因为昨天才遭受过一轮拷打,早已遍体鳞伤,全身的骨骼就好像都已经折断了似的。
上官文已记不起在这暗无天日的黑牢当中被囚禁了多久,时间似乎已经完全没有了意义。
刚刚进入诏狱的时候,上官文还像那些有骨气的官员一样,厉声喝骂阉党的重重罪行,每一次都换来一通毒打……
随着时间的流逝,一起被囚禁起来的官员或是被酷刑折磨致死,或者是被拉出去之后就再也没有回来……
只要进了这黑暗的地方,鲜有能活着出去的,上官文早就抱定了“慷慨就义”的心思,只盼着能够留下一个“铁骨铮臣”的身后之名。
渐渐的也就麻木了,什么身前身后名,早已不在考虑范围之内,每日只是呆呆的坐着在那里,谁也不知道他到底在想些什么。
阉党的手段从来都是斩尽杀绝,总有一天死亡会降临到自己的头上。
回顾前半生,上官文绝对属于诗书传家的典范,祖上世代为官,颇有清廉忠直之名。上官文本人更是自幼饱受圣人教诲,作的一手好文章。

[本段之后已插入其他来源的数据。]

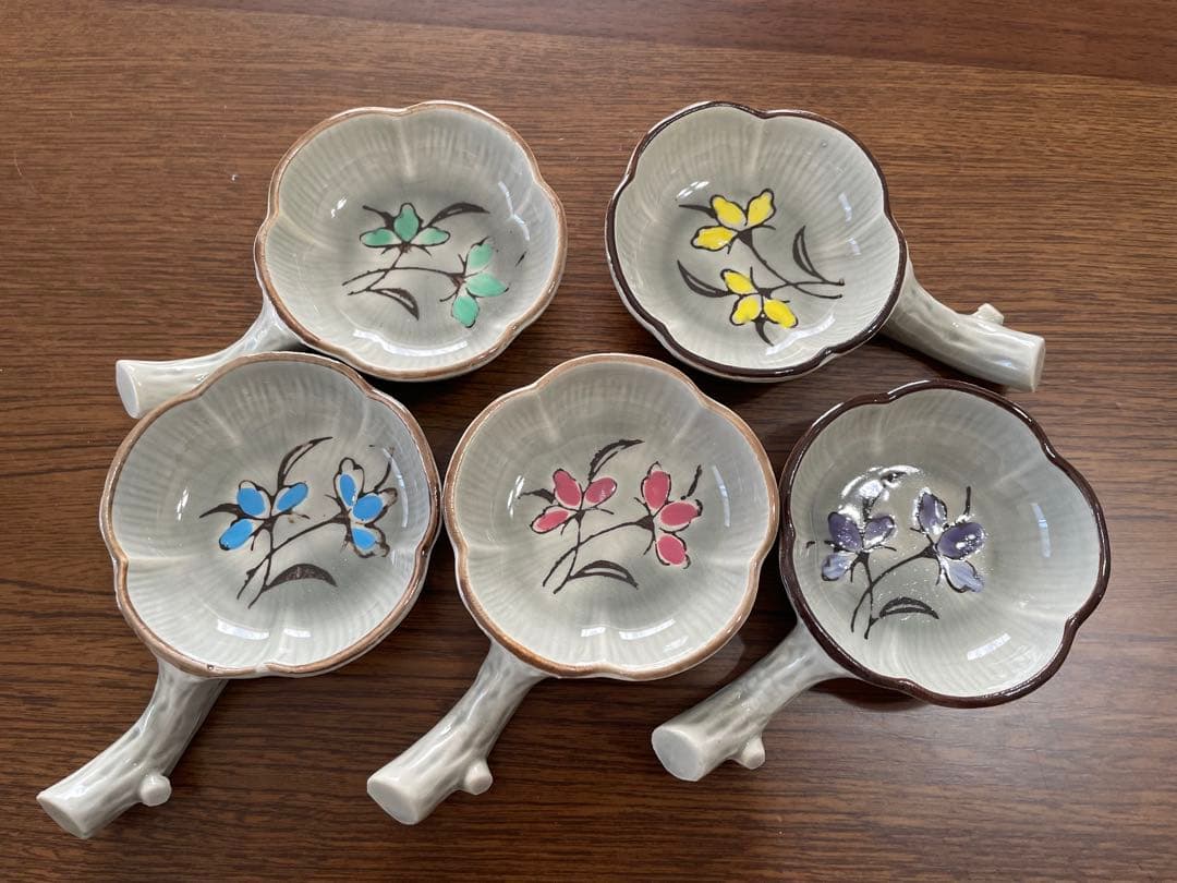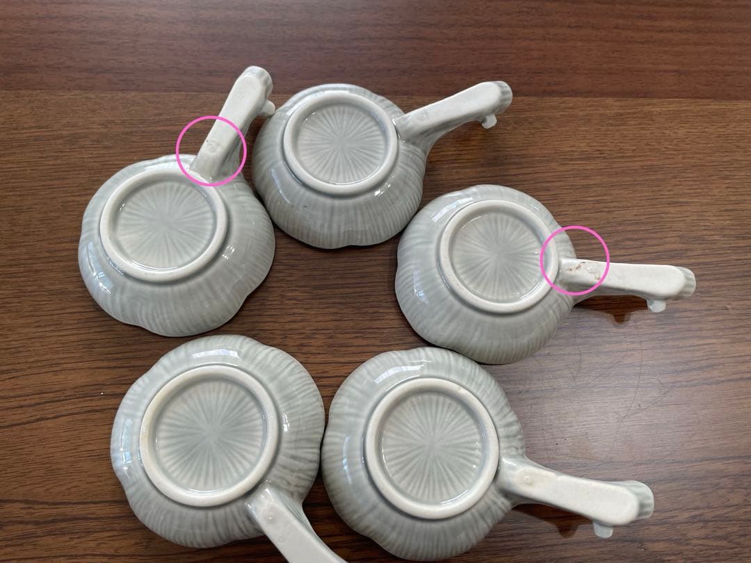 【皿】 全長...約11㎝、高さ...約2.2㎝ 口径...6.8㎝ 新品未使用品ですが、 自宅の食器棚で長期保管していました。 お皿(2枚)の取手の裏側に小さな汚れがあります。 写真でご確認ください。 専用箱はありません。 検品はしておりますが、あくまでも素人検品です。 ご了承下さい。 梱包材はリサイクル品を使用させていただく場合もございます。 返品はどのような理由でも対応いたしません。 上記ご理解の上、ご検討下さい。 ☆他サイトでも出品中ですので、 何かございましたらコメントお願いします。 他サイトで売れたら、削除させていただきます。

二十二岁中举人,二十八岁以榜眼的身份出仕为官,可谓是前程远大一片光明……
只可惜,在和阉党的斗争中落败,被囚禁在这诏狱之中……
阉党的凶狠和毒辣他早已心中有数,但凡是进了这诏狱之中的官员,几乎必遭毒手,他早已经做好了最坏的打算。
为朝廷而死,重于泰山。
为忠义而死,留名青史。
但他却始终放心不下自己的家人。
自从被朝廷下旨抄家之后,上官文就很清楚的知道一定会连累到自己的家人,也不知道家里人到底怎么样了,他们是生还是死……
伴随着一阵有节奏的脚步声,牢门从外面打开了。
一个人提着一盏灯笼走进来。
是王启年。
这个王启年是阉党的爪牙,最是心狠手辣,很多同僚都因为无法忍受他的酷刑而丧命,上官文曾经亲眼见到他把某个官员当场打死的血腥场面。
王启年,就是上官文心中的恶魔。
虽然对这个恶魔充满了恐惧,但多年来所受的圣人教诲和胸中的那点所谓的浩然正气,依旧支撑在他的心中支撑起了一团虚火。
面对这个心狠手辣的恶魔之时,上官文强做镇定,做出一副从容不迫的神态:“你这阉党鹰犬,又要折磨我了么?我乃圣人门徒,天子门生,区区皮肉之苦算得了什么?你们休想让我招供什么……”
王启年早已经见多了上官文这样的囚犯,根本就没有拿他当一回事儿,甚至懒得和他说一句话,而是直接从怀里摸出一张纸,不动声色的放在上官文面前。
“这是什么东西?是你们泡制的所谓证据吗?欲加之罪何患无辞……”
王启年根本就没有那么多的耐心和他磨牙,根本就不等他把话说完就直接了当的说道:“废话少说,你先看看这东西吧。”
借着灯笼的微光,上官文拿起那纸,只看了一眼顿时勃然色变。
纸上只有两句诗:兰报平安梅报喜,遥寄安好上严何。
对于上官文这样的仕林宗师来说,这两句诗的水准真的很一般,不仅对账没有那么严谨,而且遣词用句也充满了青涩和稚嫩,充其量只能算是三流的诗文而已。
但就是这两句水平很一般的诗文,却让上官文通身颤抖,嘴皮儿哆哆嗦嗦,连讲话都带着明显的颤音:“你……这……我……我……”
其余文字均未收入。